= Secret Location =

Secret Location was a content studio that won a Cannes Lion Award and multiple Emmy awards; spanned across web, mobile, tablet and other platforms such as Virtual and Augmented Reality; and, based in Toronto and LA.

== Background ==
Secret Location was launched in 2009 by founders James Milward, Ryan Andal and Pietro Gagliano. It has content studios in Canada and the US.

Secret Location staff have worked with clients including Samsung, Red Bull Canada, TELUS, Toyota, Cadbury, Air Canada, Mitsubishi, National Film Board of Canada, Stanfield's, War Child, Focus Features, Fox Studios, NBC, Warner Bros., Disney XD, BET, PBS/Frontline, Nickelodeon/Teen Nick, Family Channel, CBC, MTV UK, YTV, CTV, TELETOON, City TV, Global TV, Showcase, OLN, MGM, Endemol, Sony Pictures / Television, eOne, Shaftesbury Films, and Temple Street.

In 2014, eOne made an equity investment in the studio, and in 2016, eOne fully acquired Secret Location.

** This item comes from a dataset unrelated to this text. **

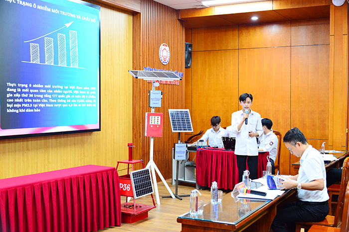 Khoa Điện - Điện tử | SV23-24.27 | Nghiên cứu, thiết kế và chế tạo hệ thống cảnh báo cháy sớm và giám sát chất lượng môi trường đảm bảo an toàn phòng chống cháy nổ tại khu vực kho hàng, cảng biển | Phạm Hoàng Anh | TĐH62ĐH | ThS. Nguyễn Văn Hùng | Giải Nhất |

In 2019, eOne and Secret Location were acquired by Hasbro
and in 2022, Hasbro announced the close of Secret Location and its merging into the larger Hasbro organization, along with laying off all studio employees.

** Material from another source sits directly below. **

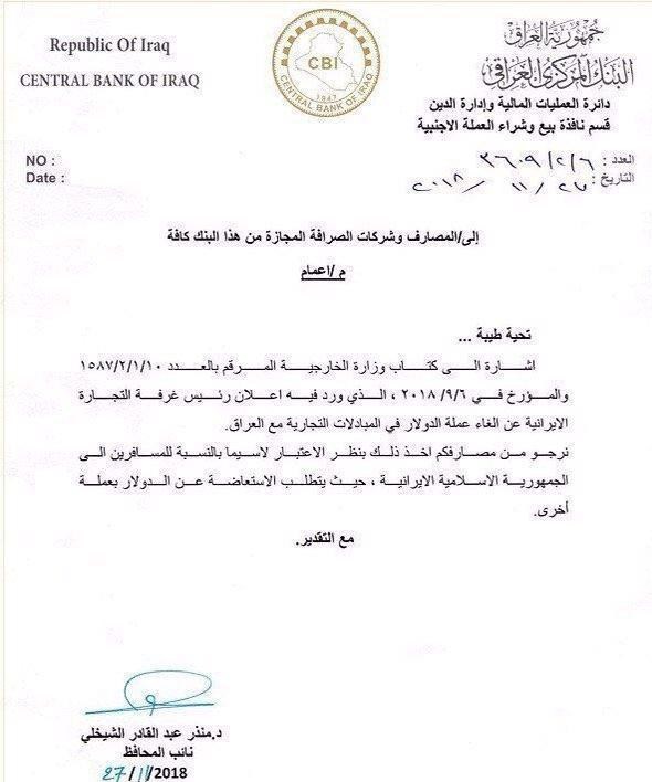 به گزارش خبرگزاری تسنیم ، بانک مرکزی عراق در بخشنامهای که برای تمامی بانکهای عراقی ارسال شده تاکید کرد، با توجه به یادداشت وزارت خارجه عراق و نیز گفتههای رئیس اتاق بازرگانی ایران در رابطه با توقف تعامل با دلار در مبادلات تجاری با عراق، تمامی بانکهای عامل موظفند از فروش دلار به مسافرانی که قصد عزیمت به جمهوری اسلامی ایران دارند امتناع کرده و در صورت درخواست ارزهای دیگری را به آنها بفروشند.

Since then, they have partnered with VRSE and LA talent agency UTA.

== Awards ==
The company is a two-time Emmy winner. Secret Location won its first International Emmy for an interactive episode og the Canadian TV Series Endgame. In 2015 they won a Primetime Creative Arts Emmy Award in the User Experience and Visual Design category for a tie-in to the drama series Sleepy Hollow. It was the first time a virtual reality project had been awarded an Emmy.
The company is a three-time Webby Award winner, 13-time Canadian Screen Award/Gemini winner, and has won awards from AToMiC, Creativity International, CASSIES, the Marketing Awards, and Banff World Media festival.